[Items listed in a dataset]
- Opening Delimiter -

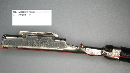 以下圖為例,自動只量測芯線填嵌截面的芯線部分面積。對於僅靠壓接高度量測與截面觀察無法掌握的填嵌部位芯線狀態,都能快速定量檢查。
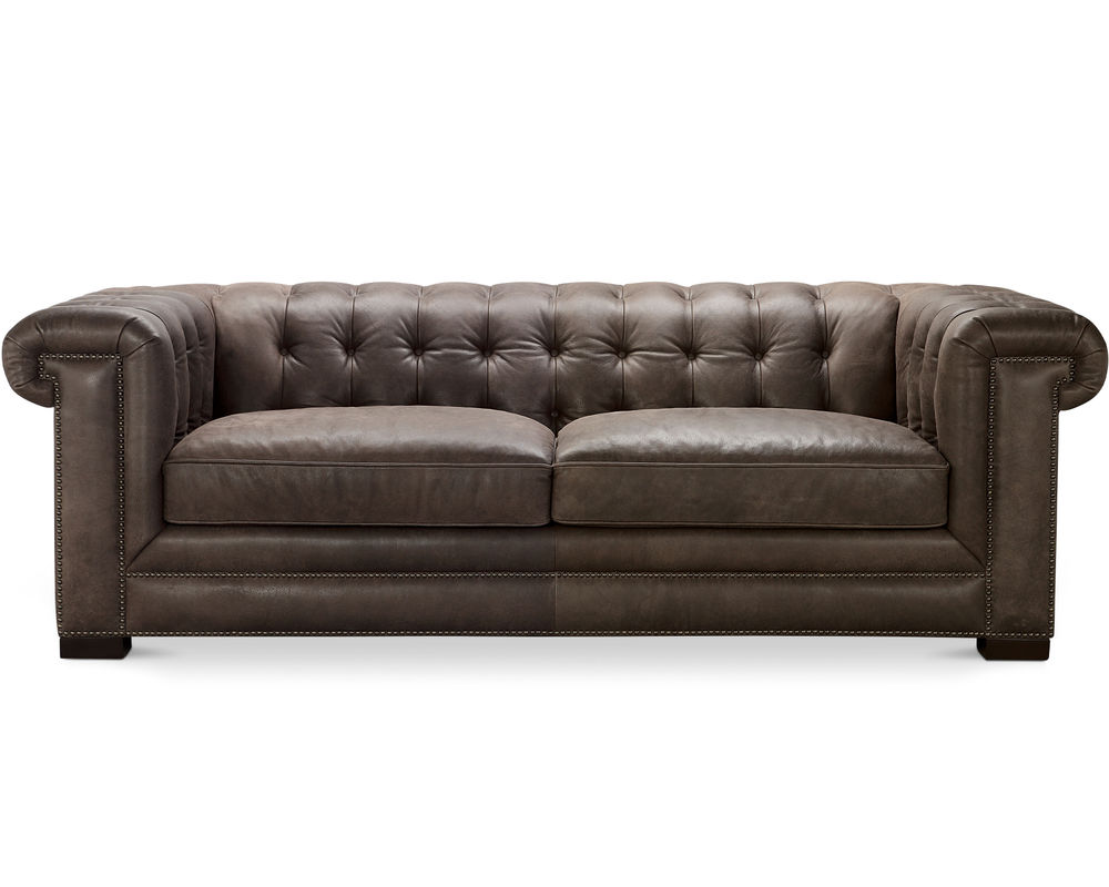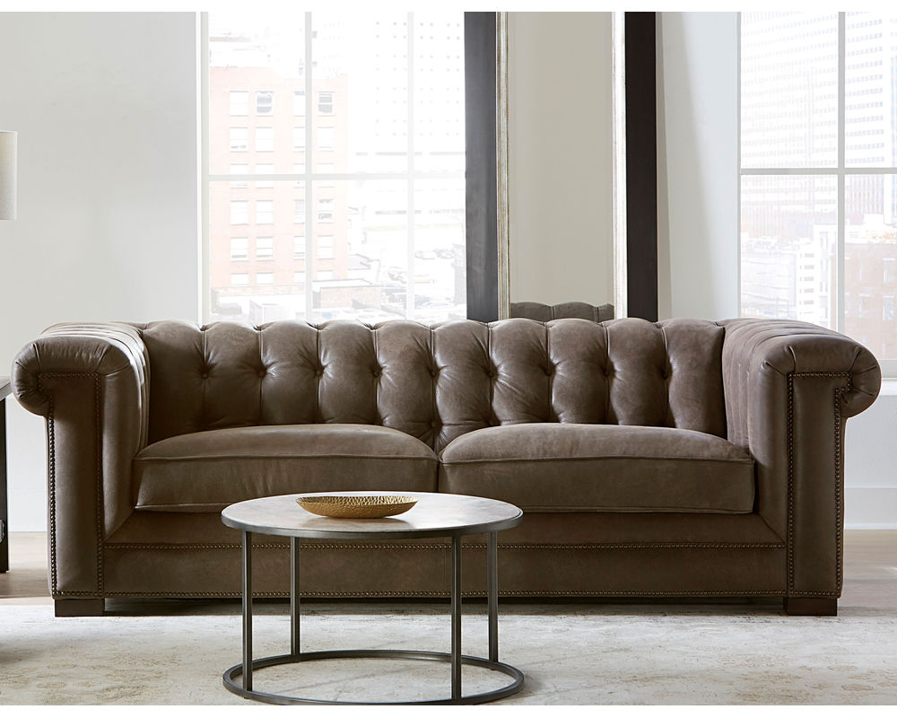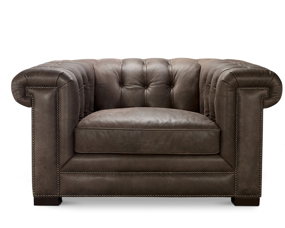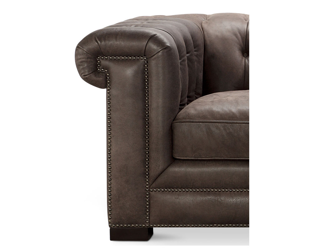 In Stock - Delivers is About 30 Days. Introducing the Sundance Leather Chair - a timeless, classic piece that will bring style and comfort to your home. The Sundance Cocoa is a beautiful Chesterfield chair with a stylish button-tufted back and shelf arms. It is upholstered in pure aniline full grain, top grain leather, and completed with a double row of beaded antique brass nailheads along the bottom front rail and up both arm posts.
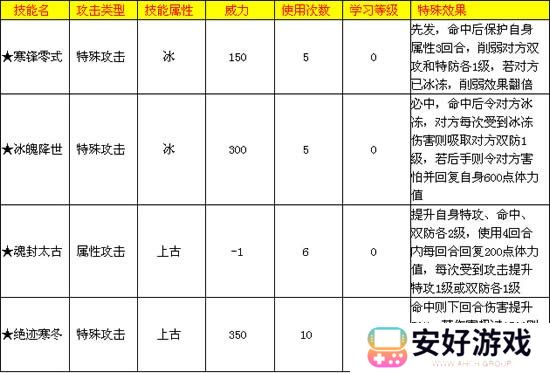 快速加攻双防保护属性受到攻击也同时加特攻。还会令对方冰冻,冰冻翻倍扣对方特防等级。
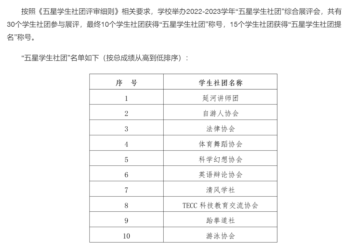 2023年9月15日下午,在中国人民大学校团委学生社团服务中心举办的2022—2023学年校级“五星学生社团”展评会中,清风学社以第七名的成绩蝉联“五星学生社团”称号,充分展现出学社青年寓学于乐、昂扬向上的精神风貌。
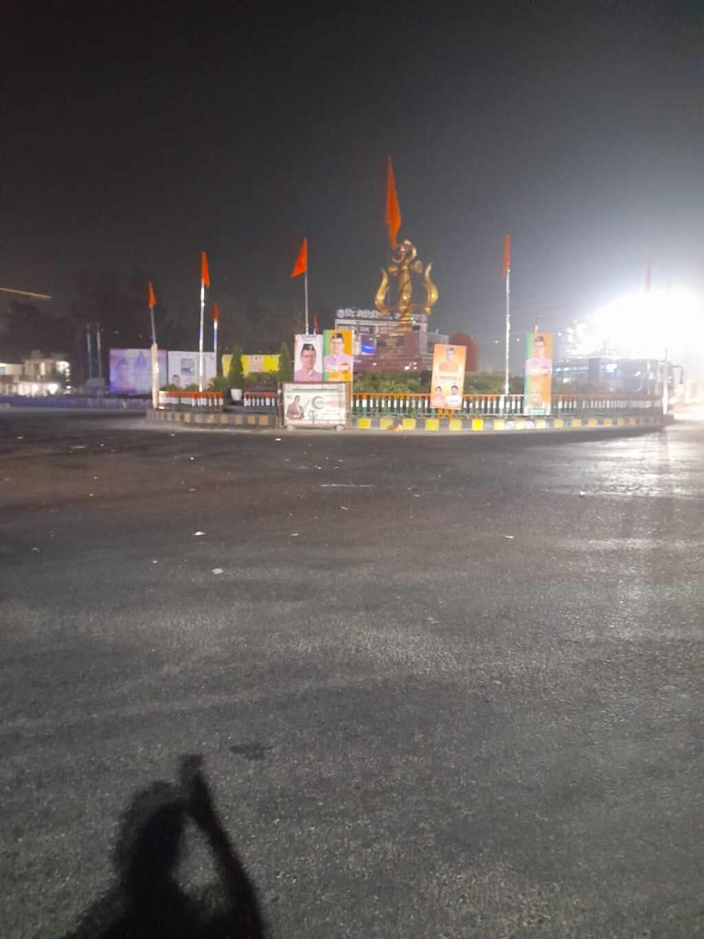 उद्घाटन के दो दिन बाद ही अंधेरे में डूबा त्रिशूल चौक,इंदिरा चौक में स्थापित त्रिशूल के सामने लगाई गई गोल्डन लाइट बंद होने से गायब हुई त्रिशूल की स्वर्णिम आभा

- Closing Delimiter -

> _WHAT NEEDS TO BE DONE_: Your answer should be every line above, written out exactly, with no pictures.

> _FINAL ANSWER_:
 以下圖為例,自動只量測芯線填嵌截面的芯線部分面積。對於僅靠壓接高度量測與截面觀察無法掌握的填嵌部位芯線狀態,都能快速定量檢查。
 In Stock - Delivers is About 30 Days. Introducing the Sundance Leather Chair - a timeless, classic piece that will bring style and comfort to your home. The Sundance Cocoa is a beautiful Chesterfield chair with a stylish button-tufted back and shelf arms. It is upholstered in pure aniline full grain, top grain leather, and completed with a double row of beaded antique brass nailheads along the bottom front rail and up both arm posts.
 快速加攻双防保护属性受到攻击也同时加特攻。还会令对方冰冻,冰冻翻倍扣对方特防等级。
 2023年9月15日下午,在中国人民大学校团委学生社团服务中心举办的2022—2023学年校级“五星学生社团”展评会中,清风学社以第七名的成绩蝉联“五星学生社团”称号,充分展现出学社青年寓学于乐、昂扬向上的精神风貌。
 उद्घाटन के दो दिन बाद ही अंधेरे में डूबा त्रिशूल चौक,इंदिरा चौक में स्थापित त्रिशूल के सामने लगाई गई गोल्डन लाइट बंद होने से गायब हुई त्रिशूल की स्वर्णिम आभा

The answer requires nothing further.